(LISTED RECORDS begins)
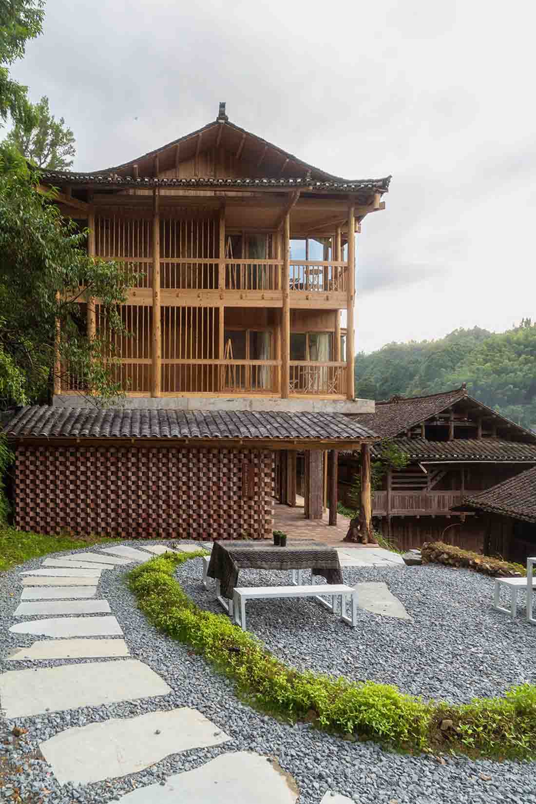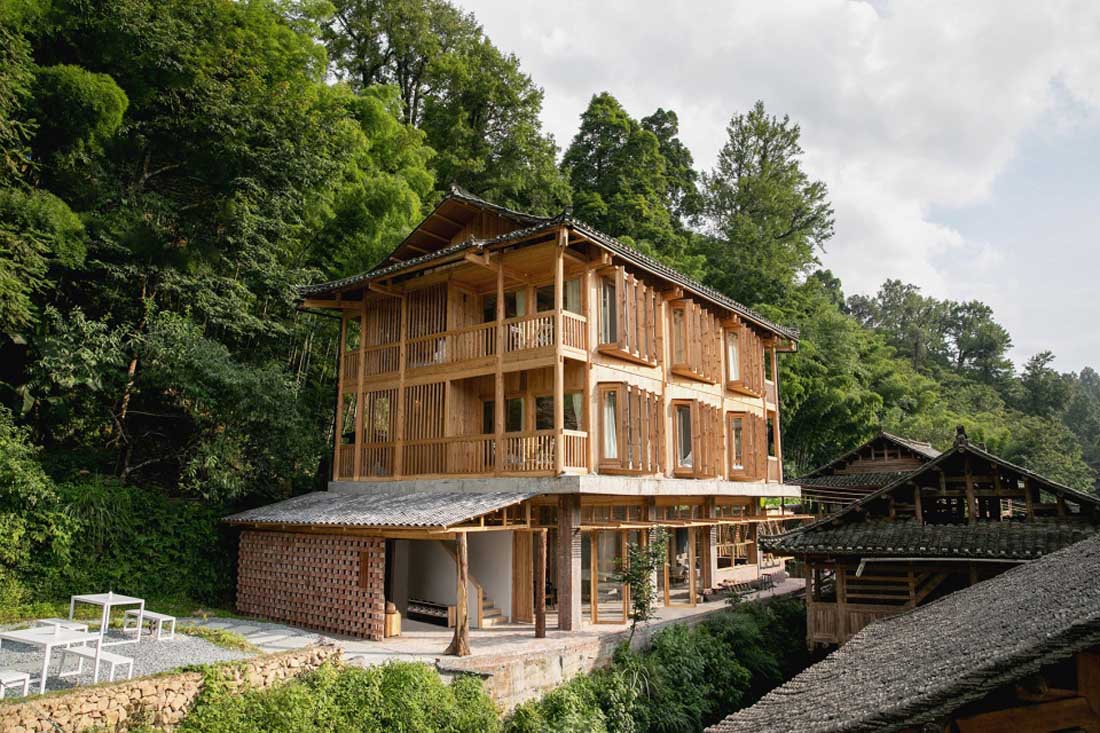 大利村是在贵州黔东南地区一个有着600年历史的侗寨,它基本上保持了传统文化的原样。古老的木制建筑、河流和井,以及梯田,都反映了旧生活方式的和谐。”井上民宿” 是由 ATLAS 工作室设计的一家全新精品酒店,旨在将自身定位在村庄的简单而简朴的生活方式中。项目的挑战在于找到方法,更新传统的建筑方法与当代设施和演变的设计,同时不失去大利村传统根源的完整性。
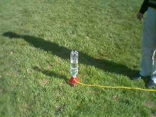 Eine PET-Flasche wird zu einem Teil mit Wasser gefüllt und mit einem Ventil verschlossen. Mit einer Velopumpe wird Luft in die senkrecht gestellte Flasche gepumpt. Wenn ein genügend hoher Druck in der Flasche herrscht, wird das Ventil abgesprengt und das Wasser - Luft - Gemisch mit hoher Geschwindigkeit ausgestossen – die Rakete fliegt in die Höhe. Sowohl Wasser, wie auch Luft müssen in der Flasche vorhanden sein:
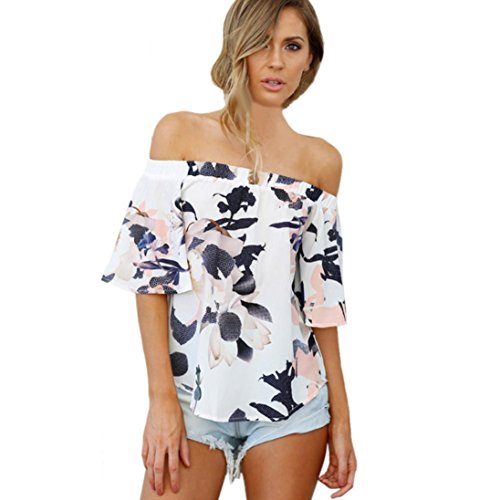 -. Feature : Gender: Women. Girls. / Material:Cotton Blend---Style:Fashion,Sexy / Sleeve Style:Flare Sleeve---Collar:Off Shoulder / Pattern Type:Floral Printed / Package include:1PC Blouse
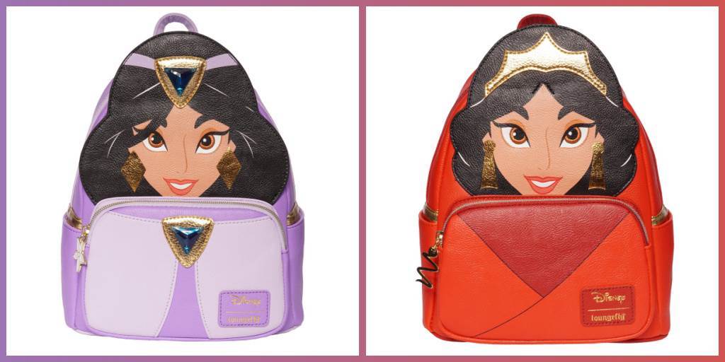 Loungefly has once again teamed up with Entertainment Earth for some delightful exclusive designs, this time themed to Jasmine from Disney’s Aladdin. Two new cosplay style mini backpacks feature the Princess in her purple and red outfits, looks that fans don’t often see outside of the film.
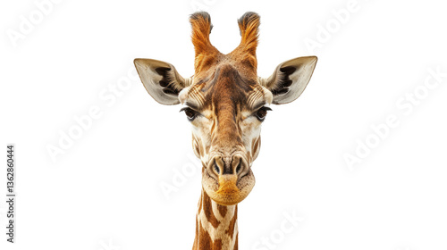 © yeewa, Naklejka premium A Giraffe's Gaze: A captivating portrait of a giraffe, its distinctive patterned coat and gentle eyes draw the viewer in, creating a sense of connection with this magnificent creature.
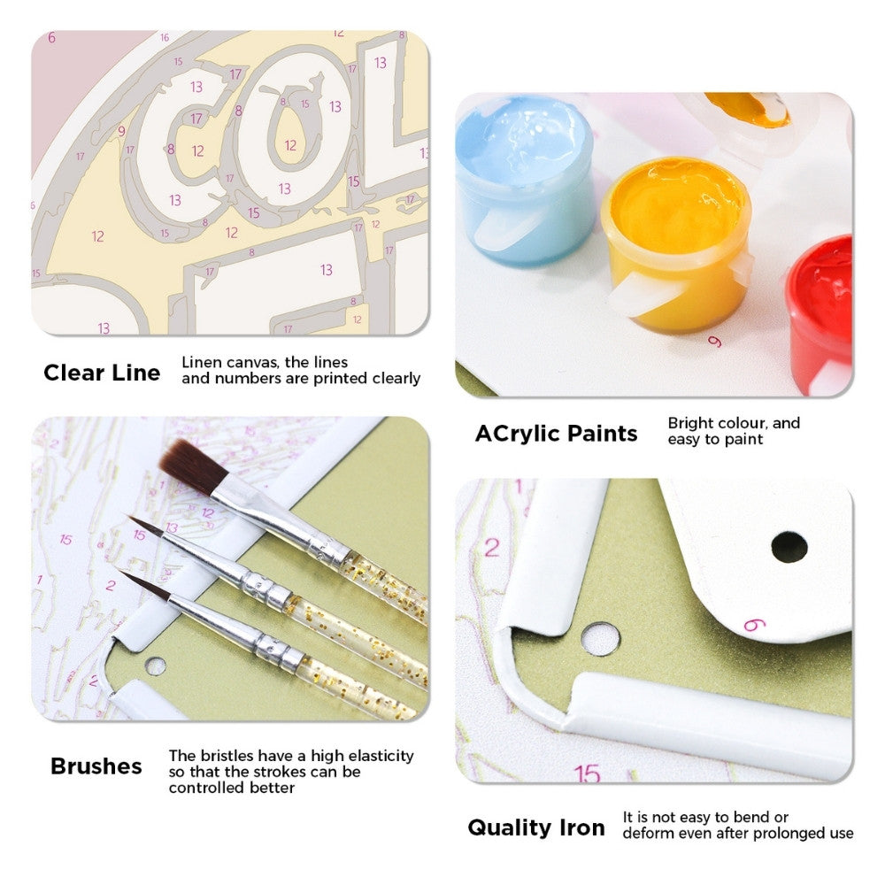 2) Recibirá un kit listo para usar que contiene el lienzo con las áreas numeradas, los potes de pinturas numeradas, pinceles y una imagen del resultado esperado para usar de guía. ¡Que comience el viaje!
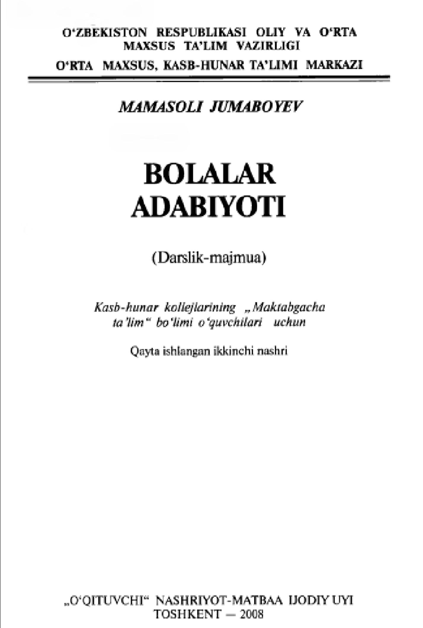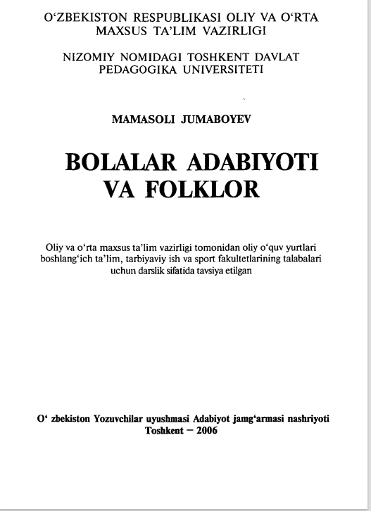 BOLALAR ADABIYOTI (CHILDREN’S LITERATURE)
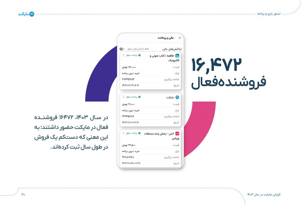 این آمار فروش در سال گذشته، در نهایت منجر به درآمد ۳۷۴ میلیارد تومانی توسعهدهندگانی شده که در مایکت فعال هستند.
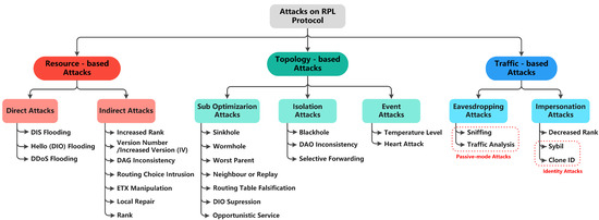 Figure 1 shows the taxonomy of RPL attacks, classified into three categories, and each category has two subclasses based on the intent of threats [23]. These attacks may cause severe network issues, such as exhausting network resources, destructing network topology, and stealing sensitive information. Further, Figure 1 lists the recent attacks addressed by the existing studies. Section 7.6 provides further details about those attacks.
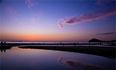 干潮時の夕暮れには南米の「ウユニ塩湖」を思わせる鏡のような絶景が楽しめる海岸。風が穏やかな日には、空と海がひとつになったような幻想的な写真が撮れることで人気の観光スポットです。
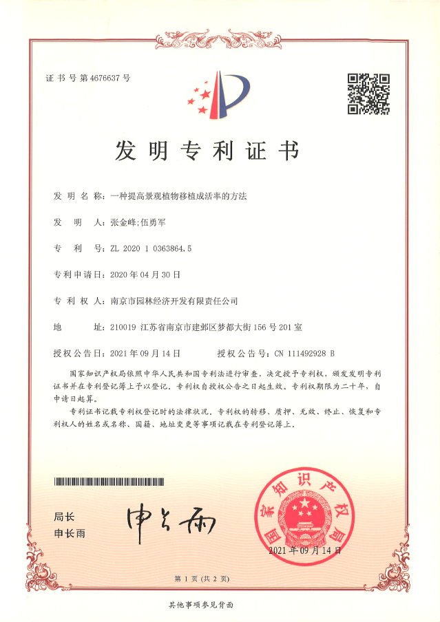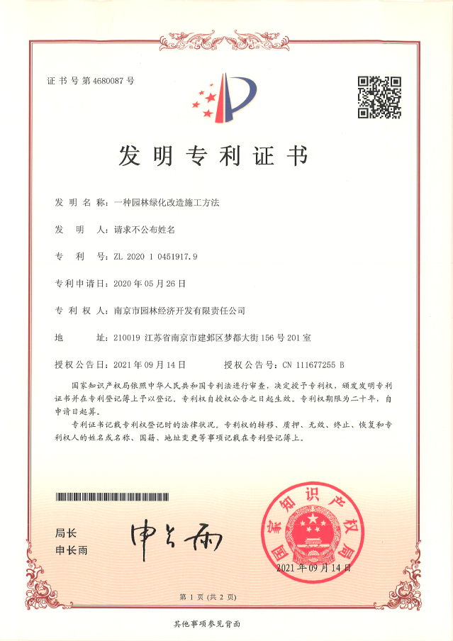 喜訊丨園林公司喜獲兩項(xiàng)國(guó)家發(fā)明專利
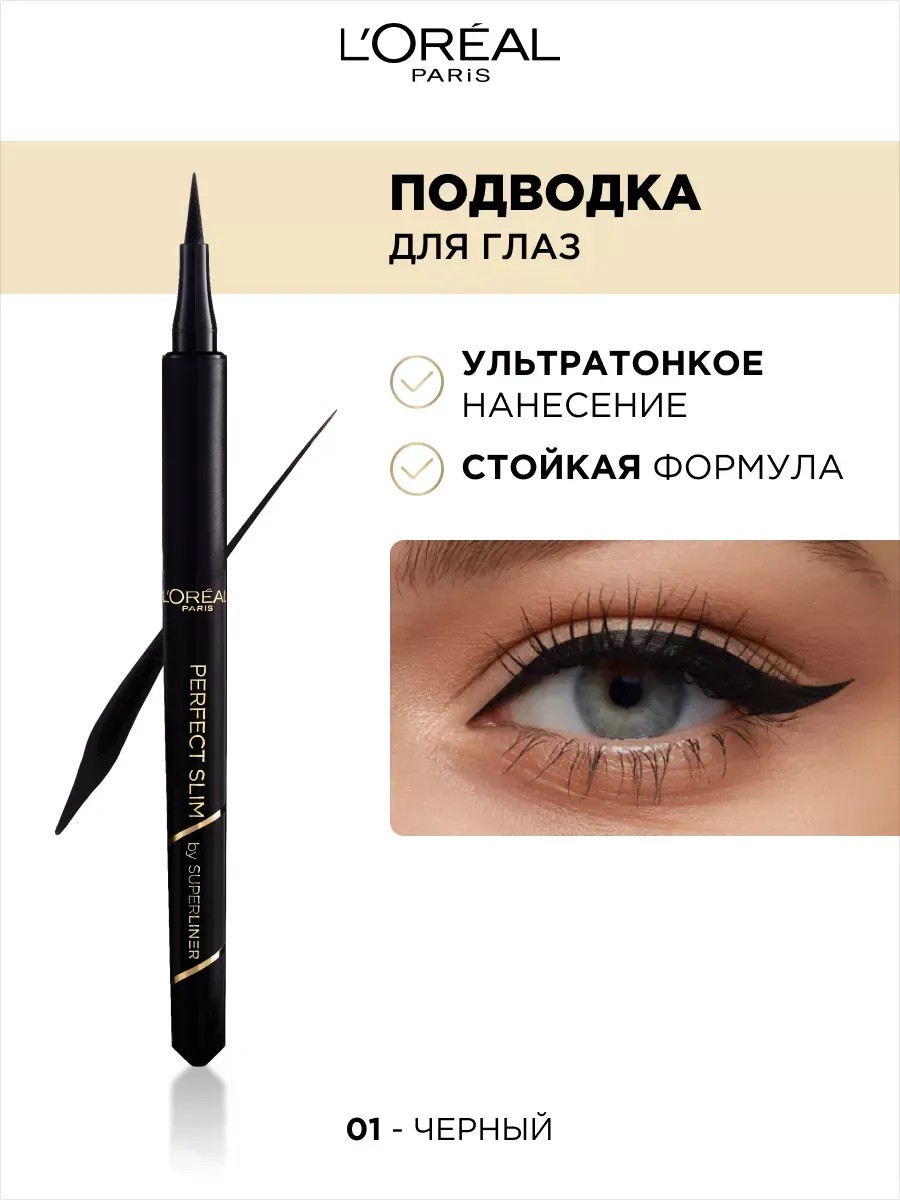 Суперлайнер "Perfect Slim":экстрачерная жидкая классическая подводка для макияжа глаз L'Oreal Paris (Лореаль Париж) - идеально тонкие линии и стрелки одним движением. Благодаря специальной зоне захвата нанесение стало более контролируемым и простым. А ультратонкий фетровый аппликатор с легкостью позволяет выполнять четкие линии любой толщины и формы. Сатиновая формула, насыщенная ультраинтенсивными пигментами, быстро фиксируется, не тускнеет и не растекается на протяжении всего дня. Твои линии, твои правила!
(LISTED RECORDS ends)
** EXERCISE BRIEF **
Would you restate word for word only the lines from the one containing "干潮時の夕暮れには南米の「ウ" to the final line of the material, both ends included, without any pictures?

** SOLVED EXERCISE **
 干潮時の夕暮れには南米の「ウユニ塩湖」を思わせる鏡のような絶景が楽しめる海岸。風が穏やかな日には、空と海がひとつになったような幻想的な写真が撮れることで人気の観光スポットです。
 喜訊丨園林公司喜獲兩項(xiàng)國(guó)家發(fā)明專利
 Суперлайнер "Perfect Slim":экстрачерная жидкая классическая подводка для макияжа глаз L'Oreal Paris (Лореаль Париж) - идеально тонкие линии и стрелки одним движением. Благодаря специальной зоне захвата нанесение стало более контролируемым и простым. А ультратонкий фетровый аппликатор с легкостью позволяет выполнять четкие линии любой толщины и формы. Сатиновая формула, насыщенная ультраинтенсивными пигментами, быстро фиксируется, не тускнеет и не растекается на протяжении всего дня. Твои линии, твои правила!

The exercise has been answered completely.